### AIM OF THE TASK
Leaving out the pictures, return word for word the stretch of entries below from the line holding "BIBERÓN DE FERRIBIELLA" through the line holding "Stunning handcrafted 18k".

### STUDY MATERIAL
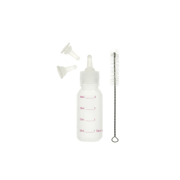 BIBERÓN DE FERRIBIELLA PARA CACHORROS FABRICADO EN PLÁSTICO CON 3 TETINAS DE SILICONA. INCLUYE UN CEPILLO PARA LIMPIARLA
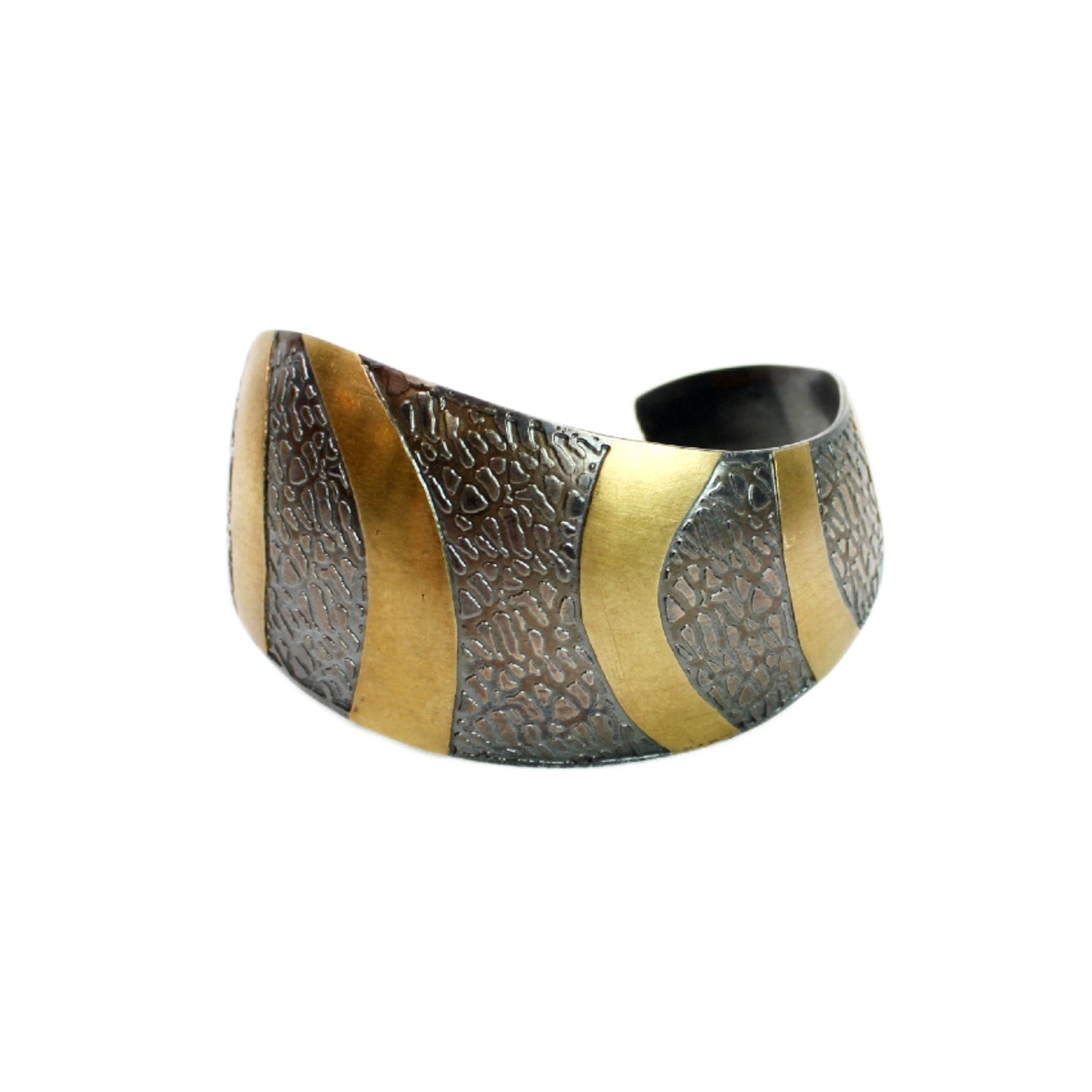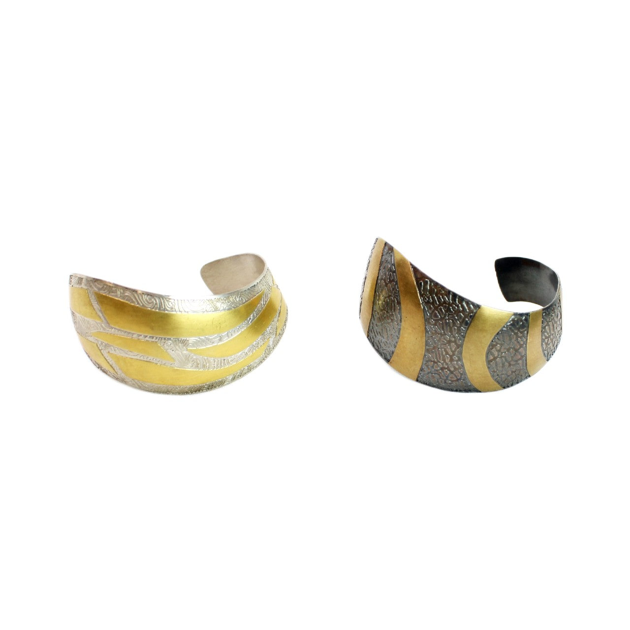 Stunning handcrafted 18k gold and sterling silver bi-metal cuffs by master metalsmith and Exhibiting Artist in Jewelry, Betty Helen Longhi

...

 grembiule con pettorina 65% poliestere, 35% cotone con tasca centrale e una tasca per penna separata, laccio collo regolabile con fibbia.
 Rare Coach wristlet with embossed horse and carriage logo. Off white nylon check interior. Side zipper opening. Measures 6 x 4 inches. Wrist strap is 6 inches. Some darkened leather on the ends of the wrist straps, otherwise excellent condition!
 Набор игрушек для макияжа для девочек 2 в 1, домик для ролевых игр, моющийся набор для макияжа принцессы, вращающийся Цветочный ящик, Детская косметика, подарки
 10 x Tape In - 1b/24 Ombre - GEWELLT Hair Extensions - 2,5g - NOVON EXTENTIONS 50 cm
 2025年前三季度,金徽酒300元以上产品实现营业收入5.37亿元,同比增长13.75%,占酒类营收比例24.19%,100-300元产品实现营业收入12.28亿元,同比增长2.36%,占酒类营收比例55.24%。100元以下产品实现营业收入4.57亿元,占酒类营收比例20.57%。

### EXPECTED OUTPUT
 BIBERÓN DE FERRIBIELLA PARA CACHORROS FABRICADO EN PLÁSTICO CON 3 TETINAS DE SILICONA. INCLUYE UN CEPILLO PARA LIMPIARLA
 Stunning handcrafted 18k gold and sterling silver bi-metal cuffs by master metalsmith and Exhibiting Artist in Jewelry, Betty Helen Longhi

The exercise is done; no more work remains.